Most contracts are reported using this distinction between “guaranteed money” and “fully guaranteed” money, but of course this distinction does not make any sense. Money is either guaranteed, or it is not. Dareus is either absolutely certain to receive the entire $60 million, or the entire $60 million is not actually guaranteed at all. Full guarantees are the only guarantees using any common sense definition of the word guarantee.

The amount that makes up the difference in reported fully guaranteed money and reported total guaranteed money typically just amounts to a built-in early team option deadline (an “ETOD”) (the default team option deadline is the first week of the regular season, when all salaries of vested veterans become guaranteed). If a player’s base salary will become guaranteed on the 5th day of a league year, it should never have been considered or reported as guaranteed in any way prior to that date. The team would have every opportunity to cut the player after the conclusion of the prior season, in which case the player would never receive the money. The only thing that is different in the case of the contract season in question is that the team must make a decision relatively quickly and then cannot subsequently change its mind.

So on the one hand, we have money that is guaranteed. Full stop. On the other hand, we have money that is subject to an ETOD. Most other contract money is subject to the default team option decision deadline. However, there is another category of contract that money with unique characteristics that distinguishes it from the other types.

And that brings us back to Dareus. In addition to a guaranteed signing bonus and option bonus, his base salaries in 2015 and 2016 are guaranteed. Where things get interesting is that if he is on the roster the 3rd day of the 2016 league year, his entire 2017 base salary becomes guaranteed. This really amounts to a future team option accelerated deadline (an “FTOAD”).

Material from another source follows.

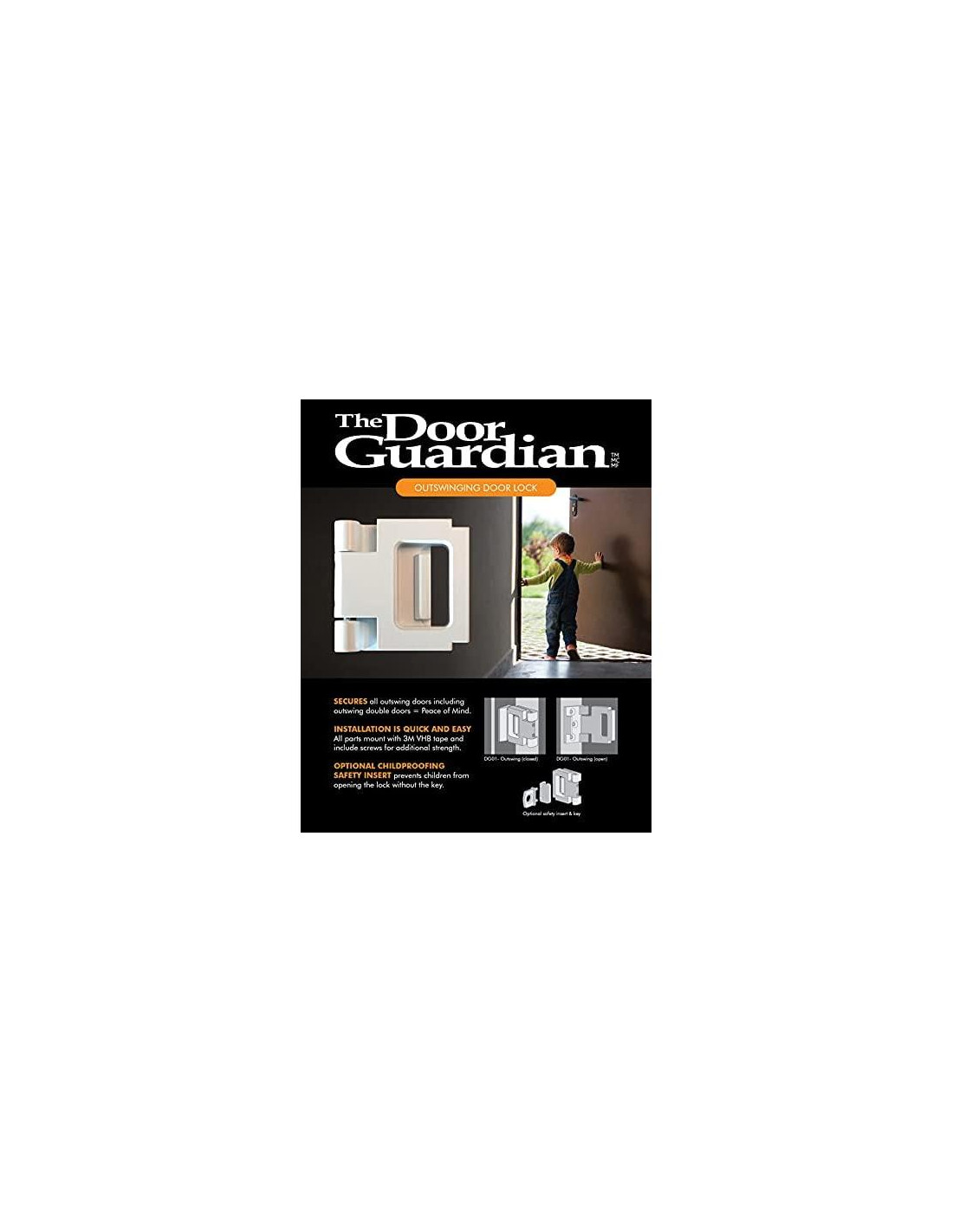 Protege tu hogar y vive con tranquilidad. La cerradura para puertas de apertura exterior Door Guardian hace precisamente eso. Nuestro dispositivo de cerradura es una solución de seguridad para el hogar asequible y efectiva. Construida con fuerza y durabilidad en mente, esta cerradura asegura y refuerza cualquier puerta de apertura exterior contra impactos de alta fuerza y resiste entradas forzadas a través de puertas exteriores.

An FTOAD scenario is fundamentally different than an ETOD scenario. In an ETOD scenario, the team has had an opportunity to evaluate the player’s performance in the season immediately preceding the season subject to the team option. But in an FTOAD scenario, the team has to make a guess as to how the player will perform in the upcoming season before it can decide whether to exercise the FTOAD for the season subject to the team option. The decision is significantly more difficult due to the veil of uncertainty that surrounds the intervening season. An FTOAD is very likely to be exercised, as the intervening season (i.e. Dareus’s 2016 season) would typically be guaranteed as well, which would cause a huge sunk cost if the FTOAD is declined. Bears fans have familiarity with this concept, as Jay Cutler’s contract contained an FTOAD in 2014 and a partial FTOAD this offseason. If the Bears had declined the FTOAD concerning $10 million of Cutler’s 2016 salary this offseason, his entire 2015 salary would have been a sunk cost of dead money due to the exercise of the 2014 FTOAD.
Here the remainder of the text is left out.